§ **EXERCISE AIM**
Leaving out pictures, output exactly the lines below from the one that has "The hard & the" through the one that has "I pannelli cassero", and nothing else.

§ **RECORDS PROVIDED**
▬▬▬▬▬▬▬▬▬▬
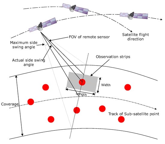 In this paper, we adopt the classical Earth observation system model, as shown in Figure 1. The Earth observation satellite orbits the Earth at a particular inclination turns on the onboard remote sensor payload when it flies over the ground target, and performs the observation operation by pushing and sweeping the image. The satellite observation area corresponds to an observation strip on the Earth’s surface parallel to the satellite’s subsatellite trajectory, and the missions within the coverage of the observation strip are considered to be observed. The satellite performs the observation by turning the side-swing angle of the remote sensor in the direction of the perpendicular satellite orbit to deviate the observation strip from the satellite subsatellite trajectory to cover more missions.
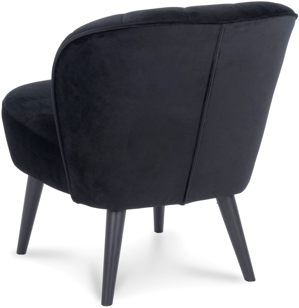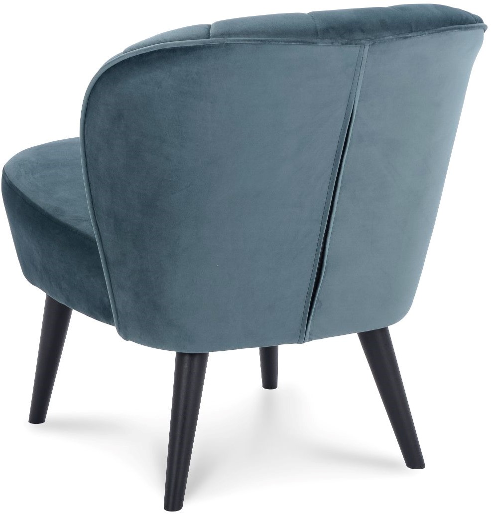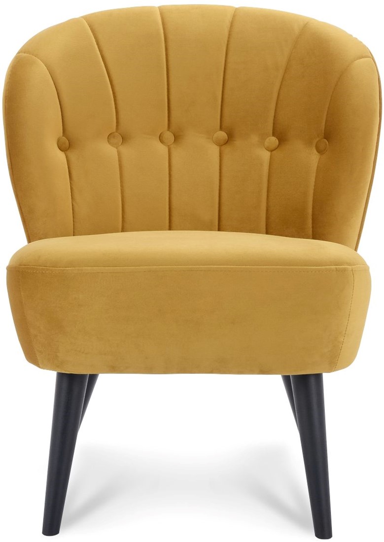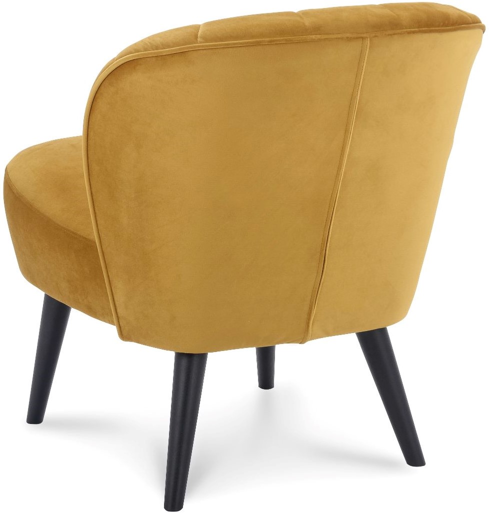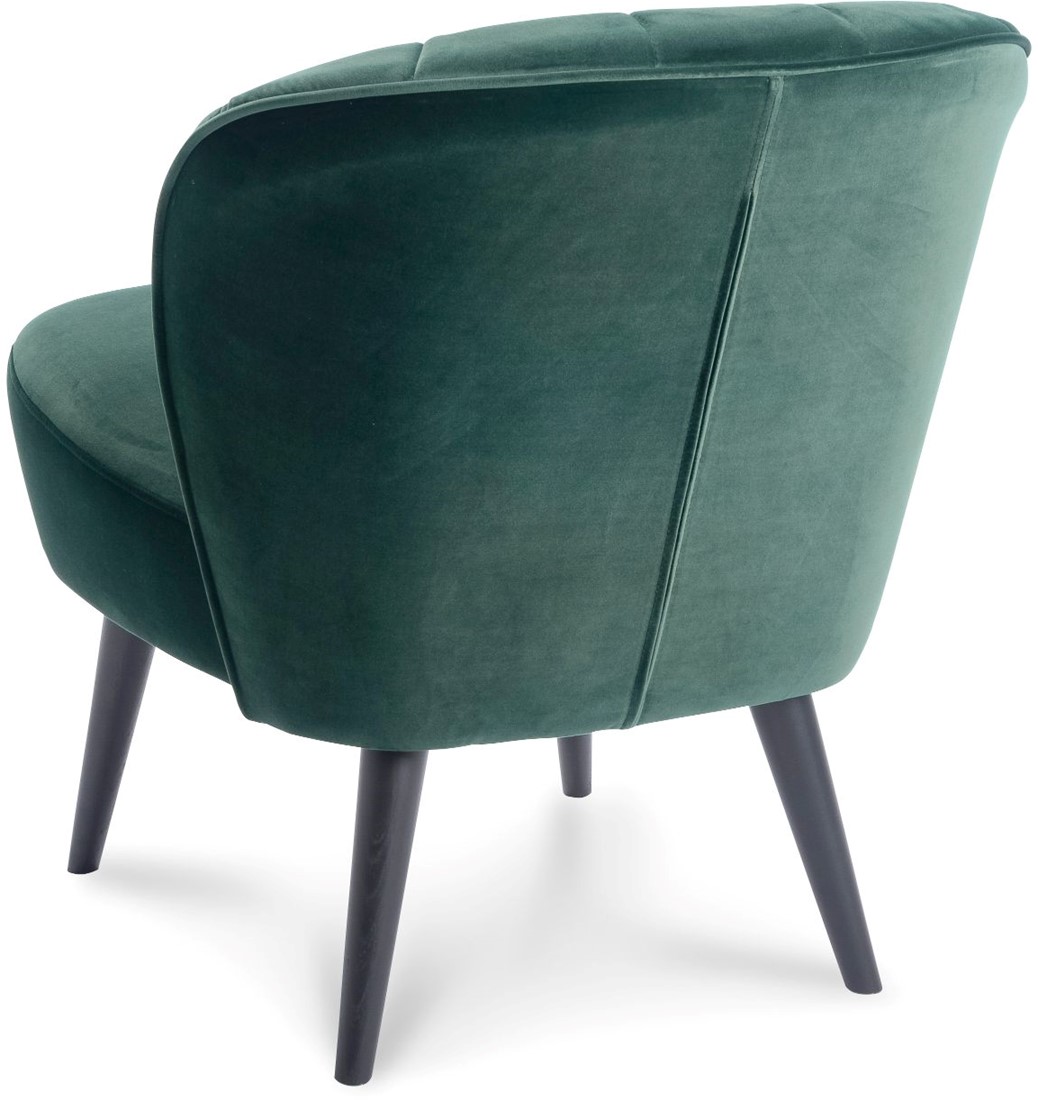 • De Selon is een leuke fauteuil met ronde vormen en een 4-poot frame. De stoel heeft een stikking met verticale lijnen en buttons in de rugleuning.
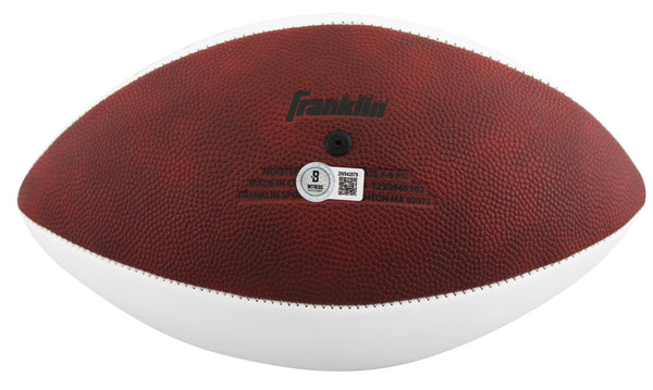 This Autographed Franklin White Panel Football W/ Uv Mirrored Back Acrylic Display Case has been Personally Signed by Christian Gonzalez of the New England Patriots. This item is 100% Authentic to include a hologram by Beckett Authentication Services. This item will come with an affixed Beckett Authentication Services (BAS) authentication sticker, which includes a scannable QR code to verify authenticity. Please note that Beckett no longer provides serial-numbered COA cards, and the attached BAS sticker will serve as the complete authentication for this item. This is a BAS Witnessed Protection Program item which means a Beckett Authentication Service representative was present when this item was being signed. We conducted an autograph signing with Christian Gonzalez where multiples of the same item were signed. While the photographs are representative of this item, the size, placement and strength of the signature may vary. Each item is hand signed, therefore, each autograph is unique. This item can be verified through BAS Witnessed.
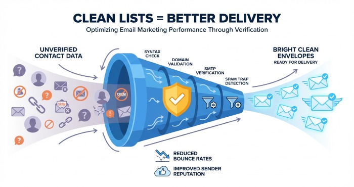 Apply email list verification and email address verification to every lead list. Never buy email list data; instead, source opt-in or high-intent contacts to protect inbox deliverability and email reputation.
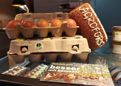 Am 30. Januar 2026 gab es in der Bäcker Wahn-Filiale Alfred in Vetschau / Spreewald die Möglichkeit, beide Produkte aus der Agroforst-Landwirtschaft kennenzulernen und sich über deren Herstellungsprozess genauer zu informieren.
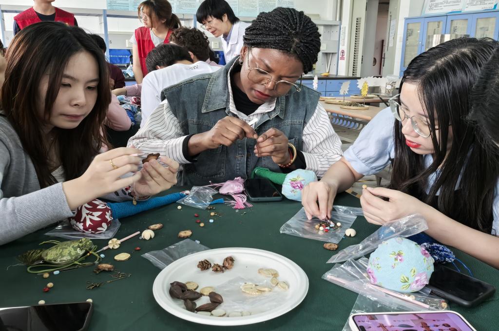 在沉浸式手工體驗(yàn)環(huán)節(jié),留學(xué)生們分組參與了養(yǎng)生錘制作、中藥香囊DIY和中藥耳飾創(chuàng)作等活動(dòng)。在老師和志愿者的指導(dǎo)下,他們根據(jù)藥材功效親手挑選藿香、白芷、黃芩等草本原料,精心制作專屬養(yǎng)生錘、香囊和耳飾,體驗(yàn)中醫(yī)藥的實(shí)用性與藝術(shù)性。留學(xué)生們紛紛展示養(yǎng)生錘、香囊、中藥耳飾等作品,驚嘆中醫(yī)藥與傳統(tǒng)手工藝的巧妙結(jié)合。
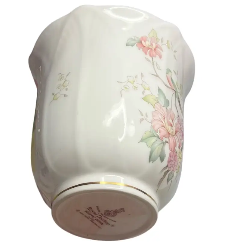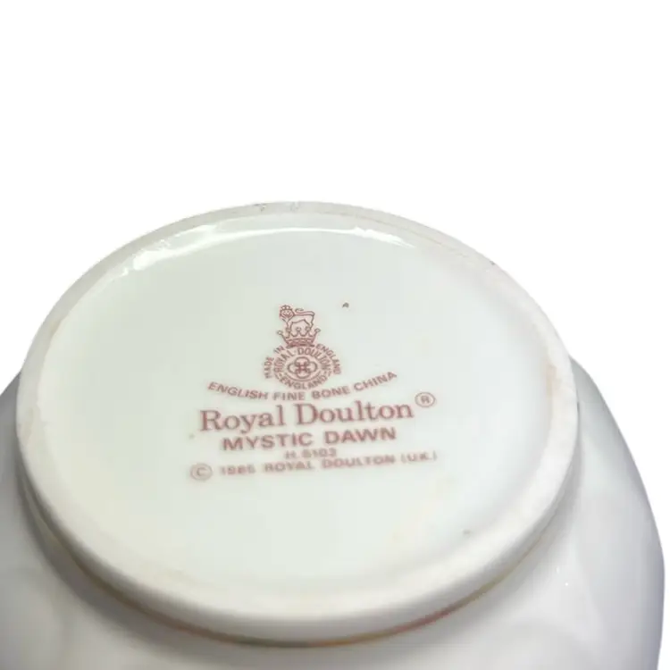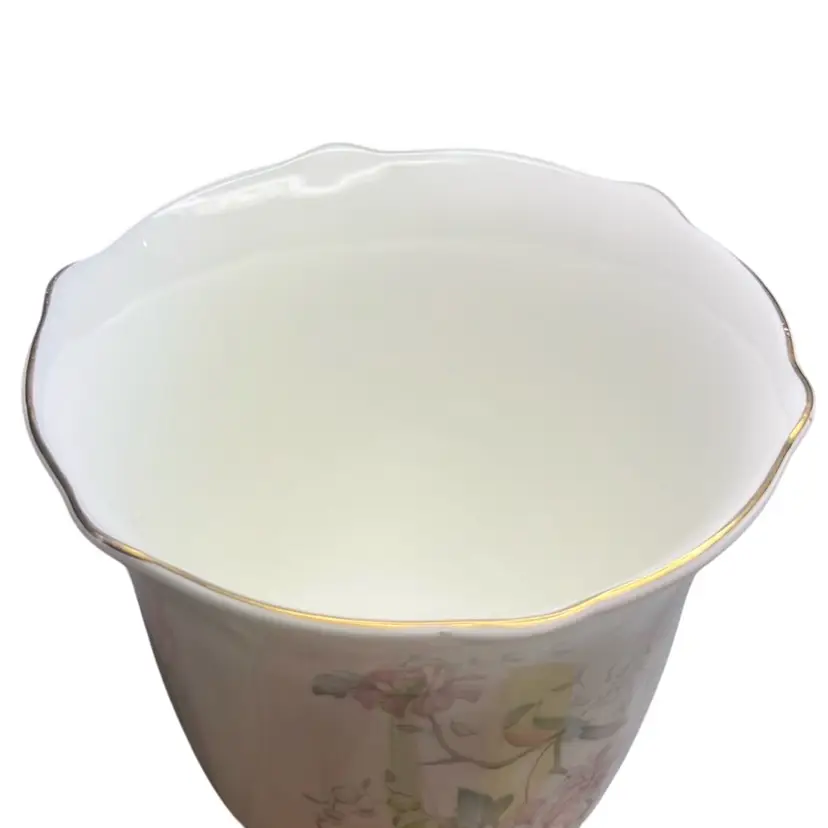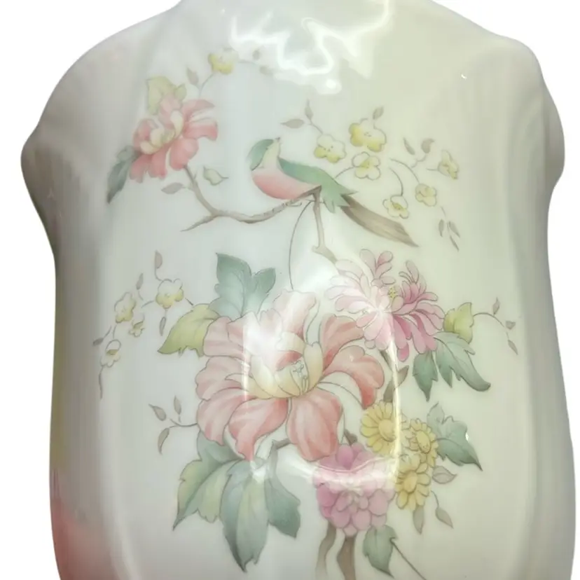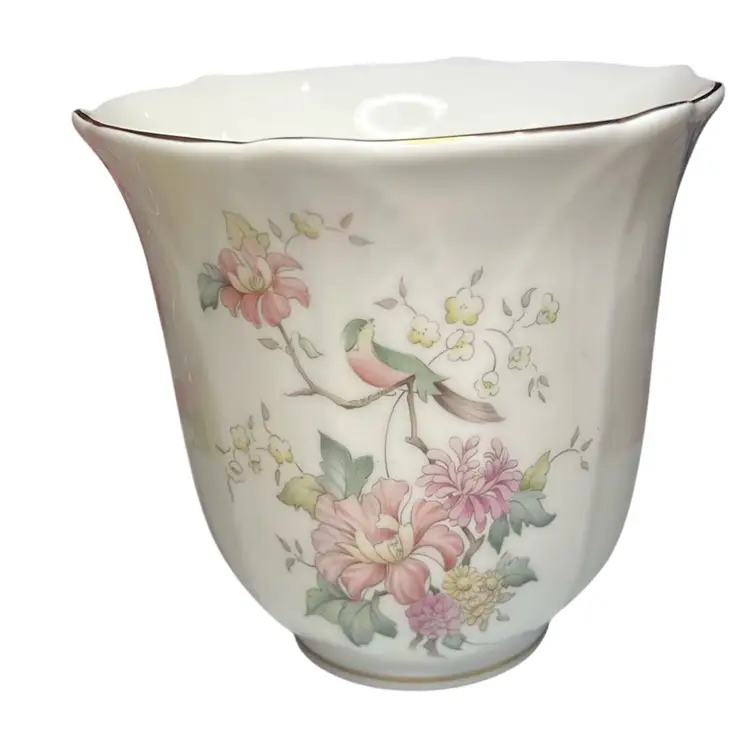Elegant English fine bone china made in 1985 - beautiful florals with a colorful bird perched on a branch. No chips or cracks in excellent condition. Measures 4.5” tall & 4.5” wide
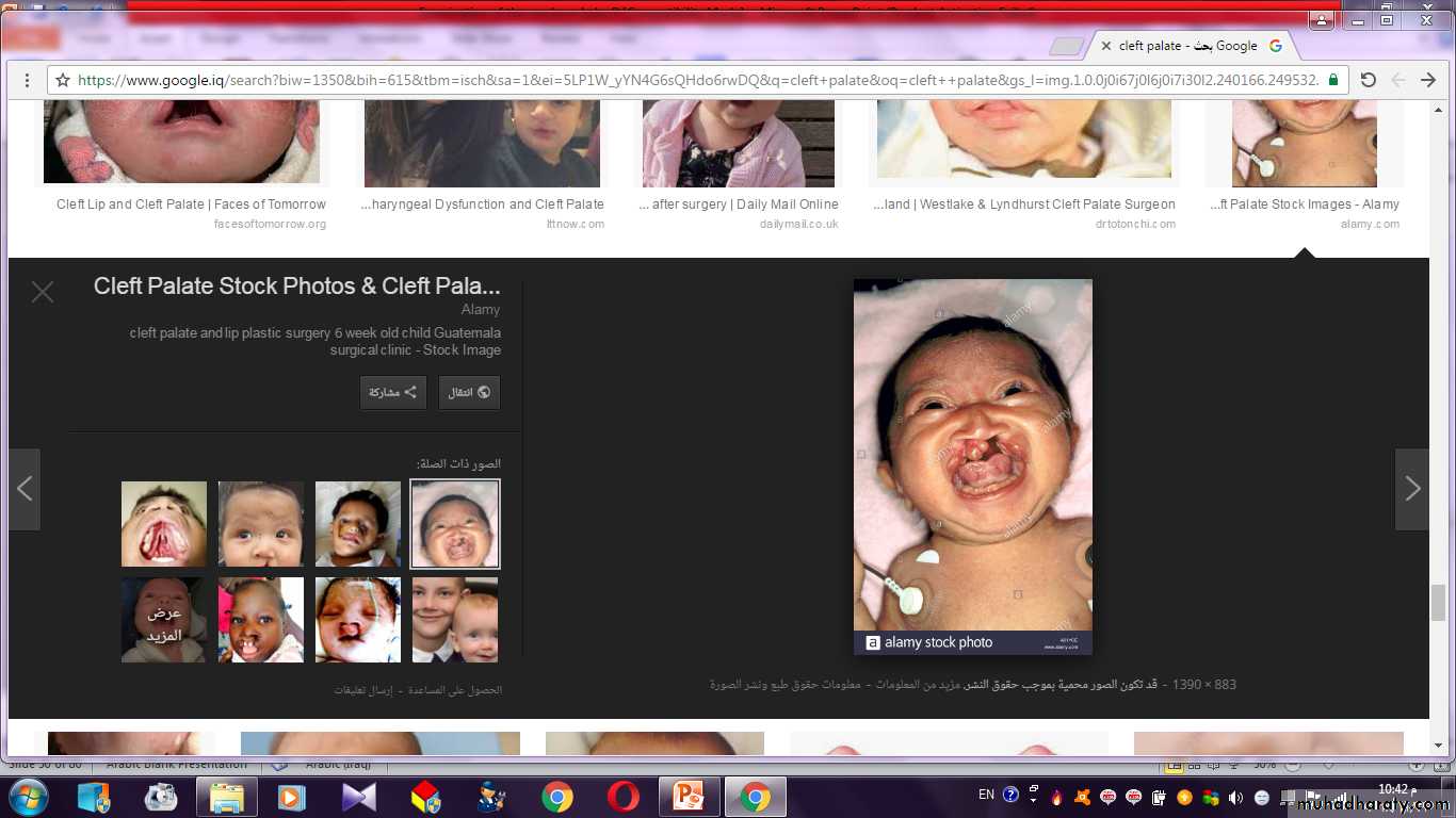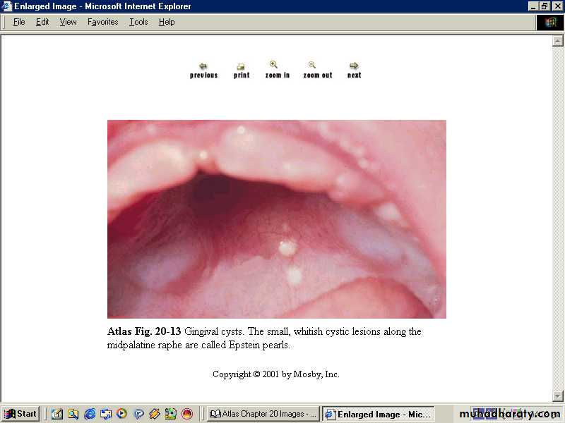 The hard & the soft palate should be inspected for a cleft palate. Epstein pearl may be seen on the hard palate.
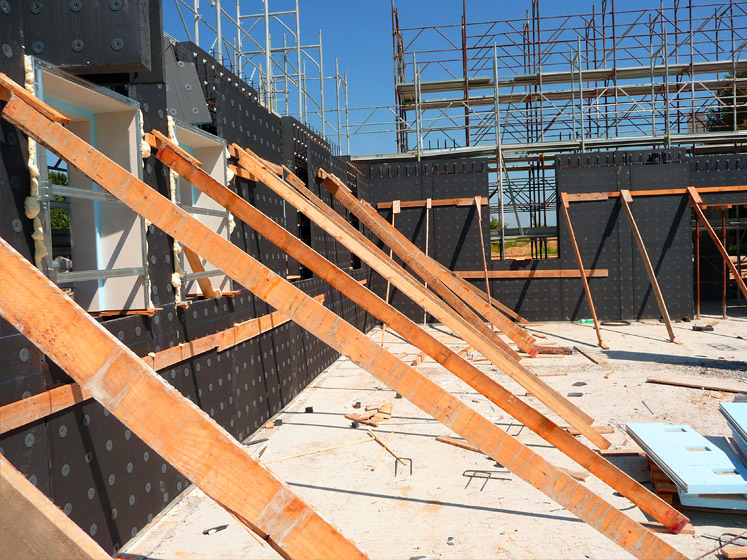I pannelli cassero di SOLAIO e di MURO sono stati poi movimentati anche manualmente (grande leggerezza dei casseri in EPS, polistirene espanso sinterizzato: da 6 a 8 il solaio e 22 Kg/m2 il muro) garantendo non solo velocità di posa e controllo dei costi ma soprattutto ampi margini di sicurezza in cantiere; infatti la direzione lavori e la direzione di cantiere non prescindono da un forte impegno su queste tematiche considerando la sicurezza in cantiere presupposto fondamentale nella scelta di tutti i materiali impiegati.
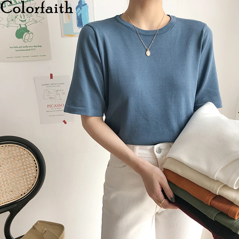Женские летние футболки Colorfaith, однотонные повседневные Мягкие вязаные топы в корейском минималистическом стиле, T6216, 2020
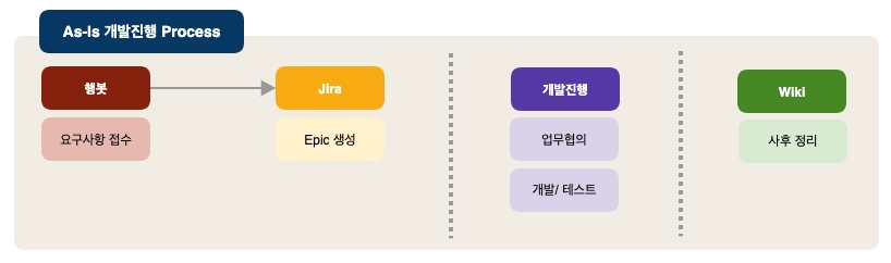 행봇이라는 챗봇을 통해 요구사항이 접수되면 자동으로 Jira Ticket이 생성되고 개발자는 요건을 분석하고 요청자, 기획자와 같이 협의 과정을 거쳐 확정된 feature를 개발합니다. 개발 중에 혹은 개발이 완료된 후에 Wiki에 요구사항, 개발요건, 테스트 결과 등을 정리합니다.
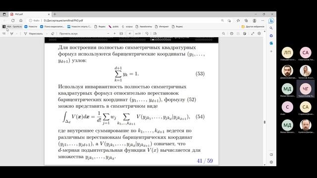 https://events.rudn.ru/event/222/ Вычислительные схемы решения квантовомеханических задач Чулуунбаатар Галмандах Аспирант кафедры Прикладной информатики и теории вероятностей, РУДН - Разработана и протестирована новая вычислительная схема непрерывной минимаксной оптимизации (вычисления локальных равновесий Нэша или минимаксных точек) нелинейных функционалов. - Проведена разработка, обоснование и тестирование эффективных вычислительных схем вариационного метода непрерывной минимаксной оптимизации c ограничениями по нелинейным параметрам пробных функций для больших и малых компонент решения уравнения Дирака для электрона в поле двух кулоновских зарядов тяжелых ионов и схем метода конечных элементов высокого порядка точности решения краевых задач для системы ОДУ второго порядка с применением современных компьютерных технологий. - Разработаны алгоритмы и комплекс программ построения полностью симметричных квадратурных формул p-го порядка на d-мерных симплексах с положительными весами и узлами внутри симплексов. - Представлены приложения разработанных вычислительных схем вариационного метода и метода конечных элементов для решения и анализа краевых задач атомной и молекулярной физики. - Выполнены высокоточные расчеты собственных значений энергии релятивистского электрона в кулоновском поле зарядов двух тяжелых ионов, и связанных и метастабильных состояний двухатомной молекулы бериллия. Computational schemes for solving quantum mechanical problems Chuluunbaatar Galmandakh Department of Applied Informatics and Probability Theory, RUDN University - A new computational scheme for continuous minimax optimization (computations of local Nash equilibria or minimax points) of nonlinear functionals has been developed. - The development, justification and testing of efficient computational schemes of variational method with continuous minimax optimization and constraints on nonlinear parameters of test functions for large and small components of the solution of the Dirac equation for an electron in the field of two Coulomb charges of heavy ions and computational finite element method schemes of high order accuracy for solving boundary value problems for a system of second-order ODEs was carried out using modern computer technologies. - Algorithms and computer program for calculation of full symmetric p-order quadrature formulas on d-dimensional simplexes with positive weights and nodes inside the simplexes are developed. - Applications of the developed computational schemes of the variational method and the finite element method for solving and analyzing of boundary value problems of atomic and molecular physics are presented. - High-precision calculations of the energy eigenvalues of a relativistic electron in the Coulomb field of charges of two heavy ions and bound and metastable states of two atomic beryllium molecules were conducted.
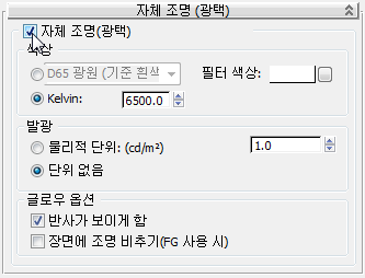 - 자체 발광(광택) 롤아웃에서 자체 발광을 켭니다.
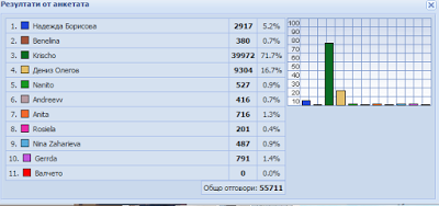 Никой не може да ме убеди, че 55000 души са се вързали на това нещо. Всеки, който е работил поне малко със сайтове, знае как може да напише каквито желае цифри в анкетата. Фрапантното разпределение на гласовете показва този факт. Водещият тук Крисчо има 39 000 (!) гласа. Вторият, в случая аз - 9000, третият - 2900. Такава колосална разлика не може да бъде реален вот, особено като погледнем и, че номинираните автори са световно неизвестни и имат публикации само в сайтове като СтиховеБГ или някакви лични блогове.
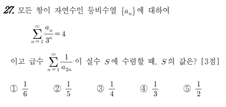 이고, $a=4, r=2$이다. 따라서 구하는 무한합은 $\frac{1}{6}$이다.
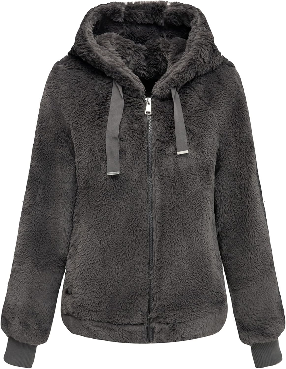 Bellivera Women's Faux Fur Coat Shearling Fluffy Fuzzy Shaggy Hood Sherpa-Lined Fleece Jacket
▬▬▬▬▬▬▬▬▬▬
§ **PROBLEM SOLUTION**
 The hard & the soft palate should be inspected for a cleft palate. Epstein pearl may be seen on the hard palate.
I pannelli cassero di SOLAIO e di MURO sono stati poi movimentati anche manualmente (grande leggerezza dei casseri in EPS, polistirene espanso sinterizzato: da 6 a 8 il solaio e 22 Kg/m2 il muro) garantendo non solo velocità di posa e controllo dei costi ma soprattutto ampi margini di sicurezza in cantiere; infatti la direzione lavori e la direzione di cantiere non prescindono da un forte impegno su queste tematiche considerando la sicurezza in cantiere presupposto fondamentale nella scelta di tutti i materiali impiegati.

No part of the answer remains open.